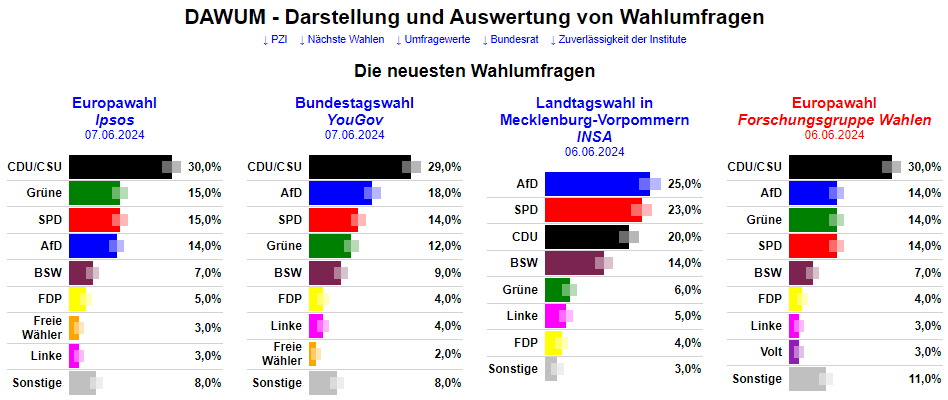 Vergrößern & Quelle/aktuelle Umfragen plus IPSOS EU-Wahl Spezial, YouGove Bundestag Spezial, INSA Meck-Pomm Spezial, FG Wahlen EU-Wahl Spezial
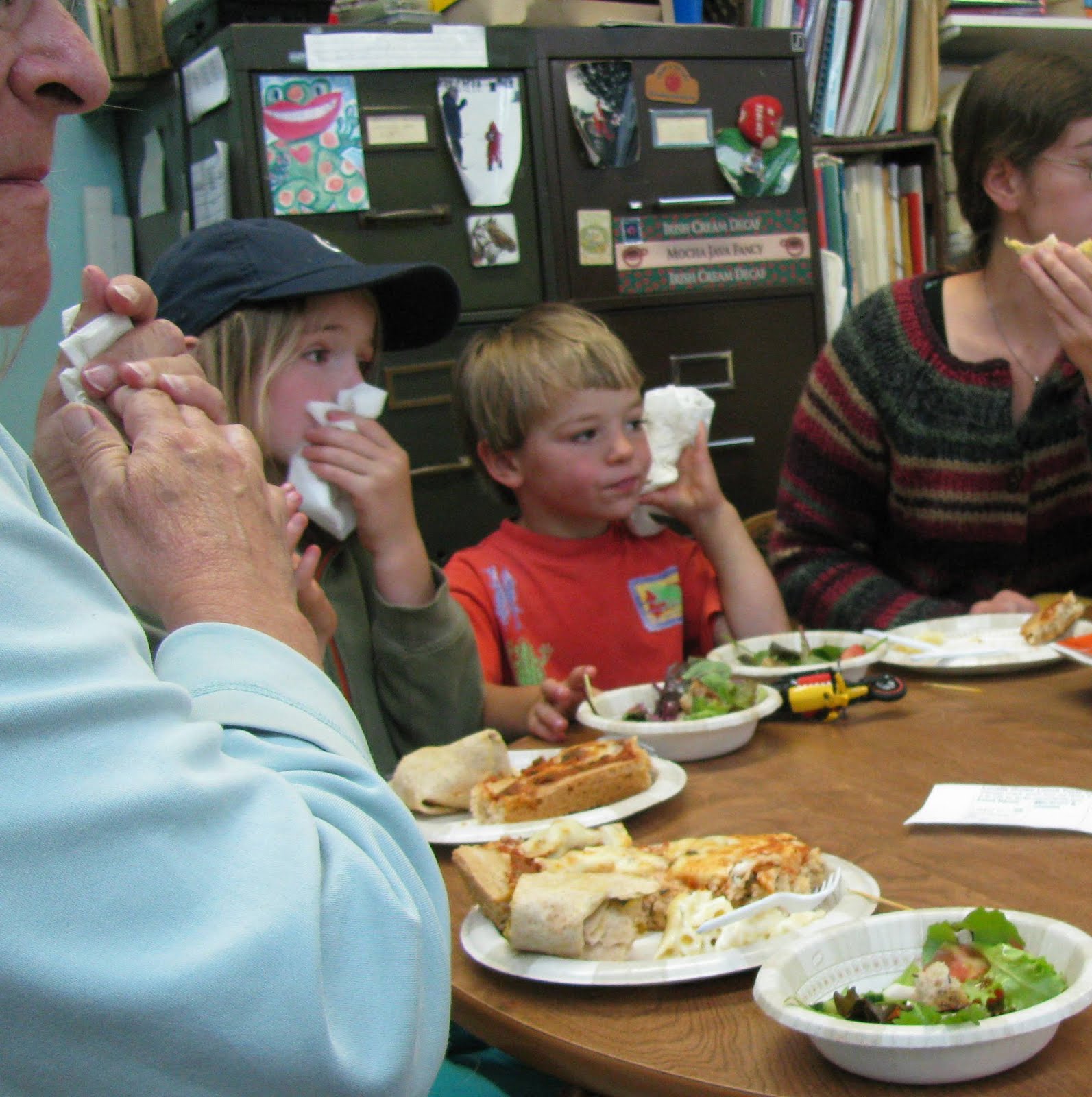 So, on Friday afternoon I arrived to the Craftsbury Elementary School and helped hand out the surveys I had copied and cut on Thursday afternoon for the kids to rate how they liked the food. (I'm the redhead in yellow on the right :) )
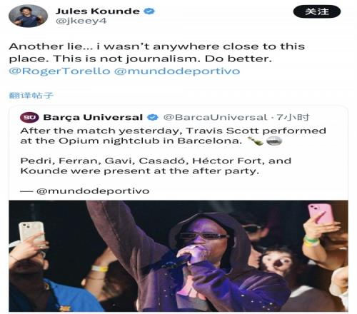 据悉,有媒体报道称孔德在比赛日之后前往巴萨当地的夜店,因为Travis Scott在那里进行了演出。但孔德本人对此予以否认。
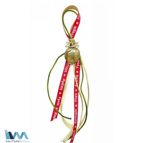 Γούρι Χριστουγεννιάτικο 2024, από Μέταλλο,Μικρό πέταλο με ρόδι & κορδέλα με ευχές. Προσοχή Μόνο δι..
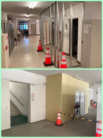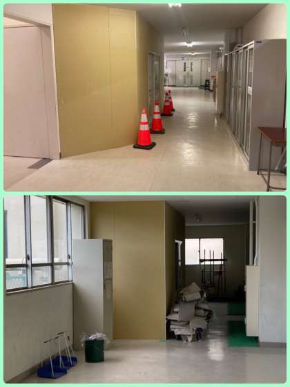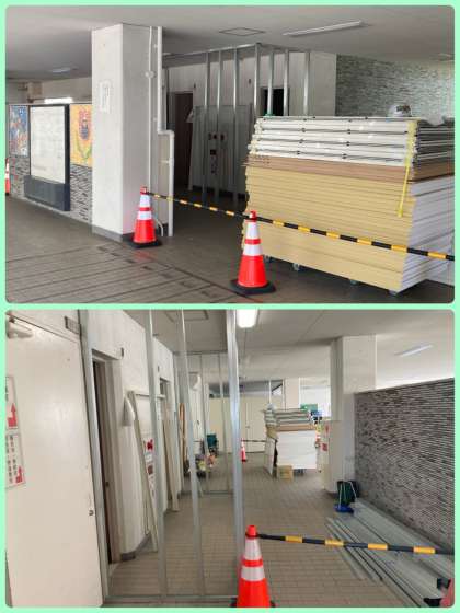 現在、やたなか小中一貫校はトイレの改修工事に入っています。まず最初は、南館のトイレと、北館の東トイレです。配管の加減で多少の違いはありますが、それぞれの場所に多目的トイレも設置予定です。
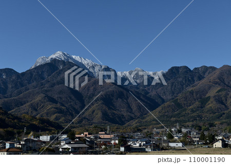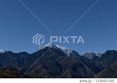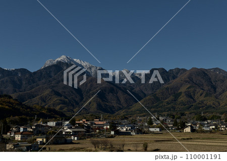 麓の街白州町から見る晩秋の南アルプス甲斐駒ケ岳
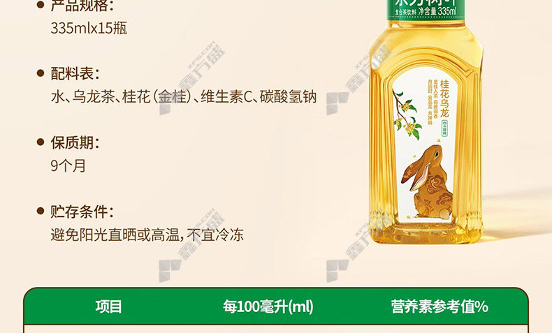 商品规格:335ml/桂花乌龙味/15瓶/箱
##########
(TASK ITEM) In your output, include only the lines from the line containing "So, on Friday" through the last line of the material above, exactly as they appear, and leave out the pictures.

(EXERCISE SOLUTION)
 So, on Friday afternoon I arrived to the Craftsbury Elementary School and helped hand out the surveys I had copied and cut on Thursday afternoon for the kids to rate how they liked the food. (I'm the redhead in yellow on the right :) )
 据悉,有媒体报道称孔德在比赛日之后前往巴萨当地的夜店,因为Travis Scott在那里进行了演出。但孔德本人对此予以否认。
 Γούρι Χριστουγεννιάτικο 2024, από Μέταλλο,Μικρό πέταλο με ρόδι & κορδέλα με ευχές. Προσοχή Μόνο δι..
 現在、やたなか小中一貫校はトイレの改修工事に入っています。まず最初は、南館のトイレと、北館の東トイレです。配管の加減で多少の違いはありますが、それぞれの場所に多目的トイレも設置予定です。
 麓の街白州町から見る晩秋の南アルプス甲斐駒ケ岳
 商品规格:335ml/桂花乌龙味/15瓶/箱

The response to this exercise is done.